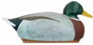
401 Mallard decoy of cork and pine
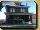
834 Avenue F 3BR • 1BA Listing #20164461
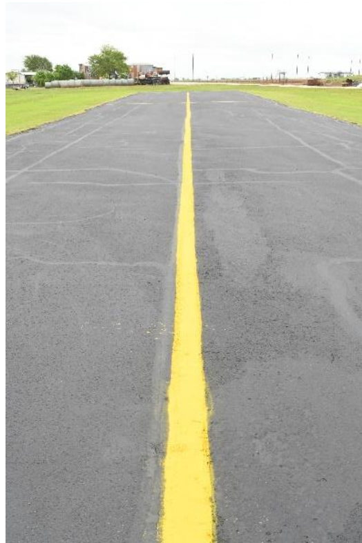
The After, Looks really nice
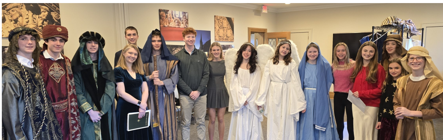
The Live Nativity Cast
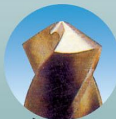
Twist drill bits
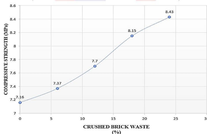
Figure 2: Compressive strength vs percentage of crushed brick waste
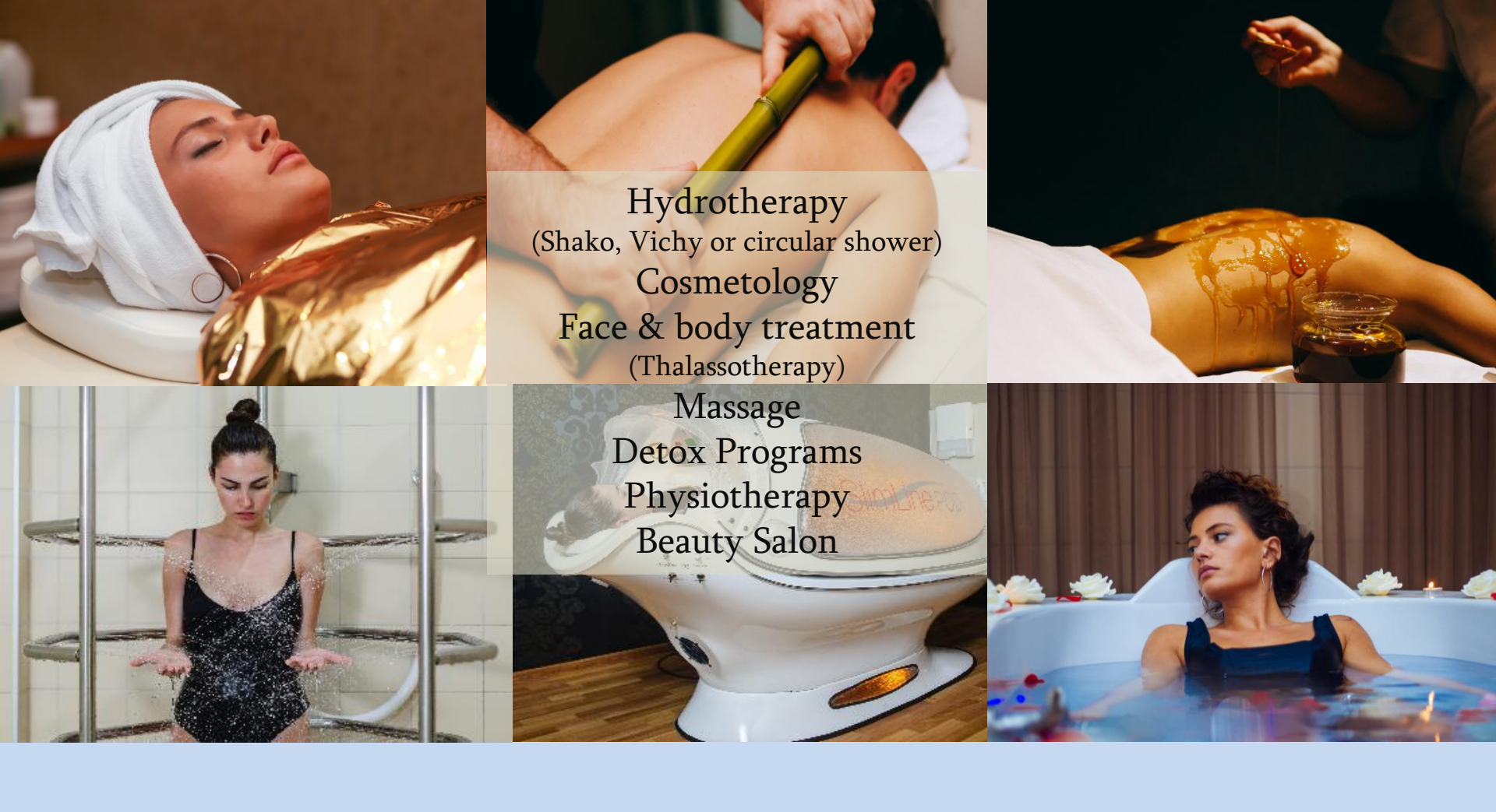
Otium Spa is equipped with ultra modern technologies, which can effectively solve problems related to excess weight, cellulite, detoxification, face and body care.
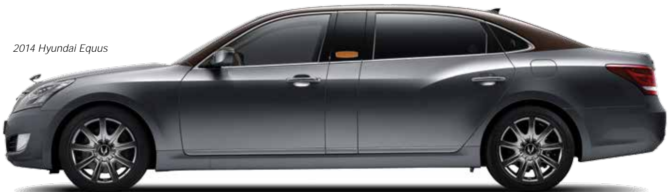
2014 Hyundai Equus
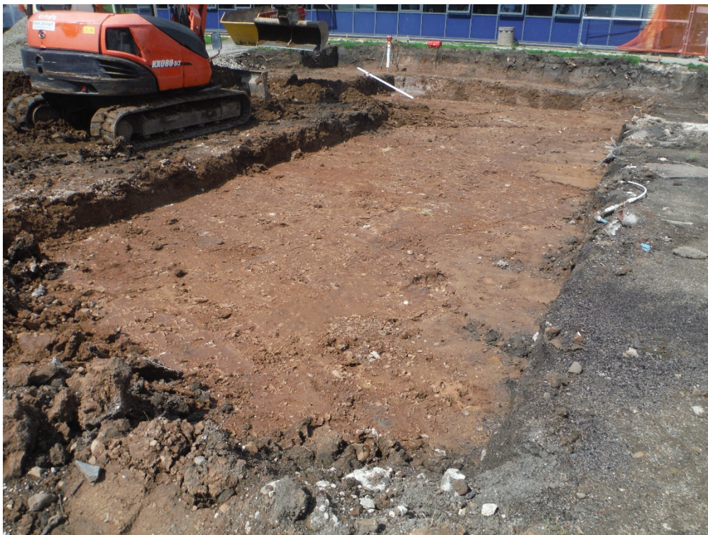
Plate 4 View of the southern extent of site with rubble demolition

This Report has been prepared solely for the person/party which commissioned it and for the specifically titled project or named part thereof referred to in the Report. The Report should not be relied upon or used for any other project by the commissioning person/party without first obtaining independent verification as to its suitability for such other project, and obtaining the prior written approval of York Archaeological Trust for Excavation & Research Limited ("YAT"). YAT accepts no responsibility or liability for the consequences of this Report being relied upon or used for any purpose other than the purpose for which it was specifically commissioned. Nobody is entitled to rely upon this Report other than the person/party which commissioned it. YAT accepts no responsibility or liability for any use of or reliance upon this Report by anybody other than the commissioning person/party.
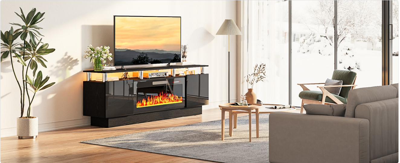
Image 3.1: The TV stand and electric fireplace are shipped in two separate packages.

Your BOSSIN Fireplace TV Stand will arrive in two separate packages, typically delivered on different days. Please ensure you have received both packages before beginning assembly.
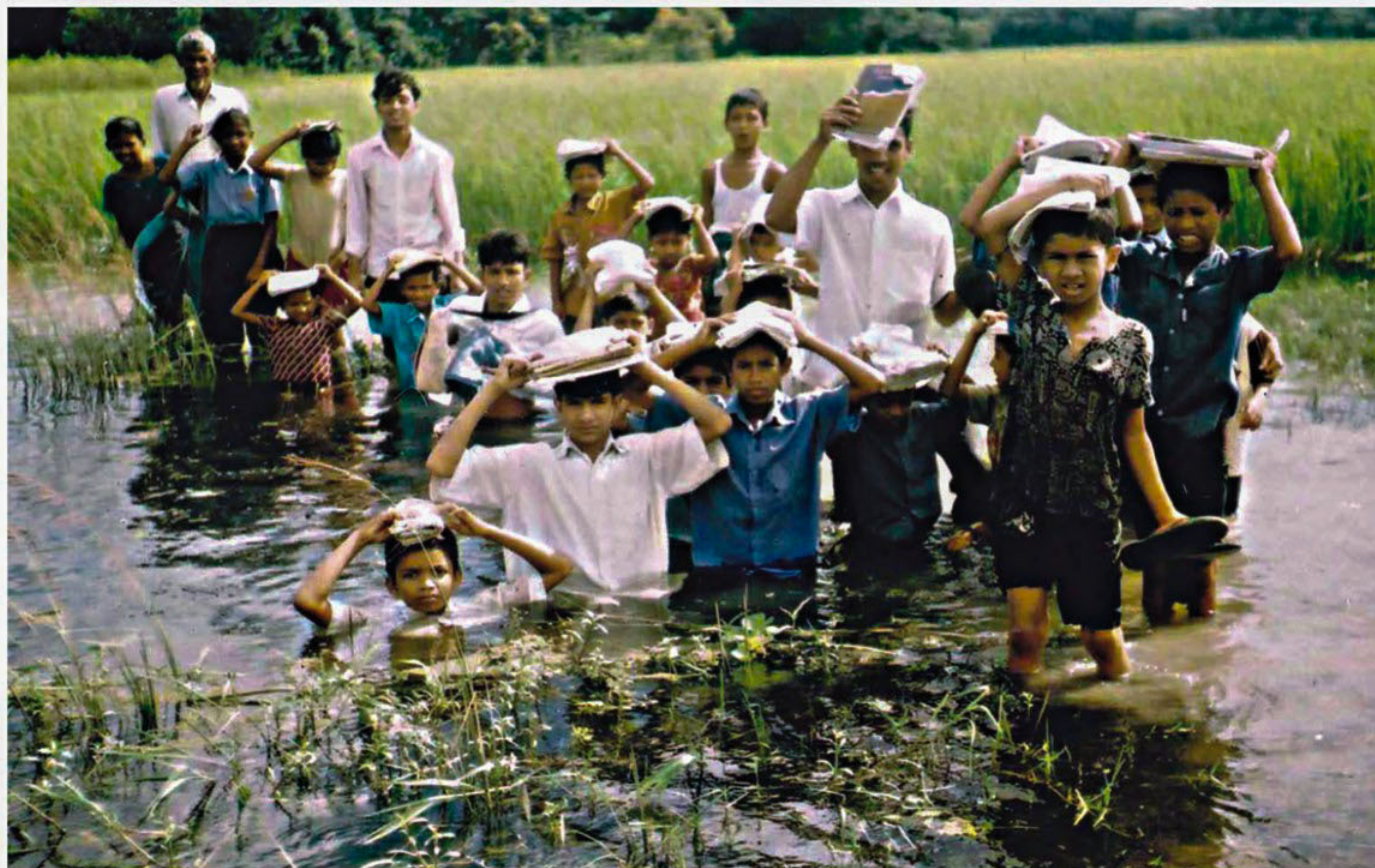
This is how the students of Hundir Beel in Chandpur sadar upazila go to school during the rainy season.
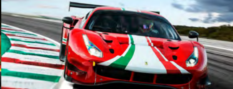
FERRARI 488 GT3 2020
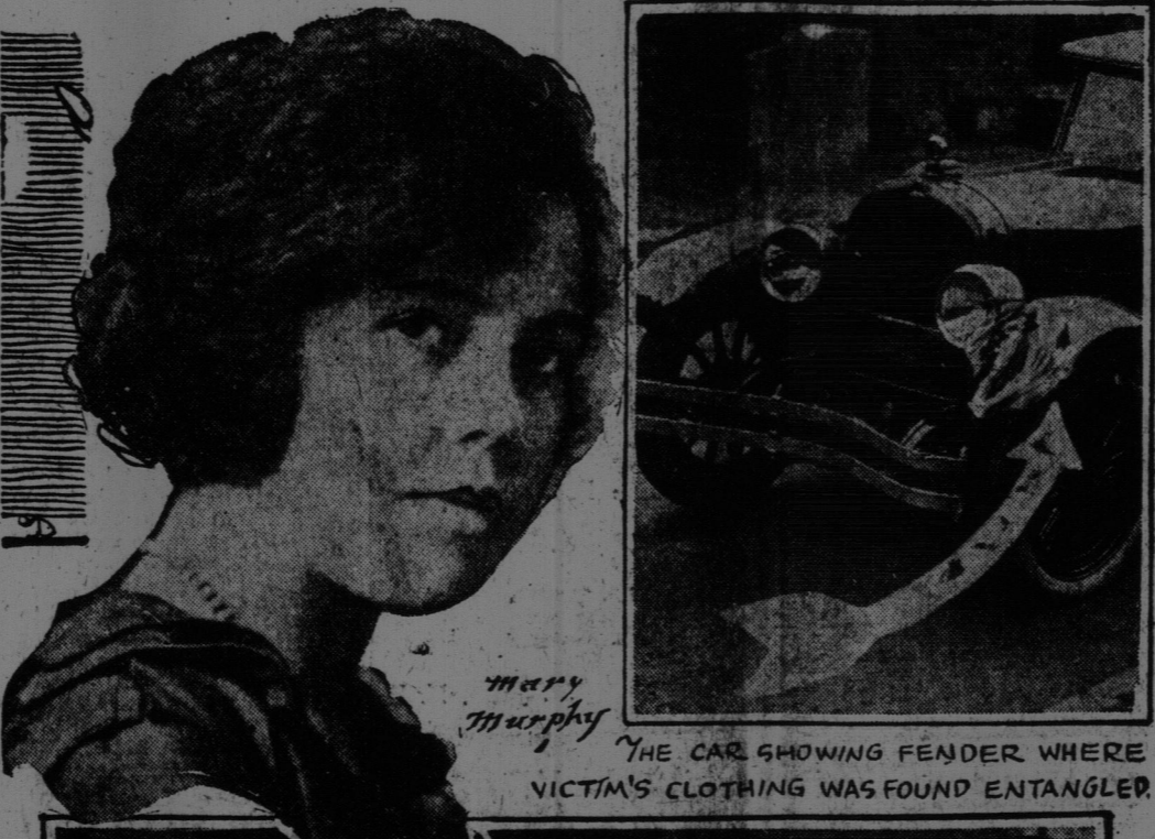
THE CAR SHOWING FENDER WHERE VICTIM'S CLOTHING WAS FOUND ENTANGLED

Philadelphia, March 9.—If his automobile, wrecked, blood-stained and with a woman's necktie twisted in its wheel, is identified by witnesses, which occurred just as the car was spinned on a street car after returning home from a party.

★ ★ ★

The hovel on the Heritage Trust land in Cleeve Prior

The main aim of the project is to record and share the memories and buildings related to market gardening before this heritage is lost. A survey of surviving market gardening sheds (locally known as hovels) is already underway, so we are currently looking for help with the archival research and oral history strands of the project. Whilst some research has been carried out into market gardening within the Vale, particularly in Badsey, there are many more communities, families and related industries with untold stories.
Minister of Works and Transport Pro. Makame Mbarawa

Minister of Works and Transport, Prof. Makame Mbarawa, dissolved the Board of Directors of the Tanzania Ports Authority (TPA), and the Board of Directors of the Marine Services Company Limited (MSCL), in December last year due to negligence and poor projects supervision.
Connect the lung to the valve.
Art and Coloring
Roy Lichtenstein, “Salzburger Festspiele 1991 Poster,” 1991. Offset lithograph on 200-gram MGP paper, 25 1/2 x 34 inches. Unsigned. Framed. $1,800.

★ ★ ★

**Action item**. Tally the lines above that include "separate", and reply with only the tally.

**Task result**. 2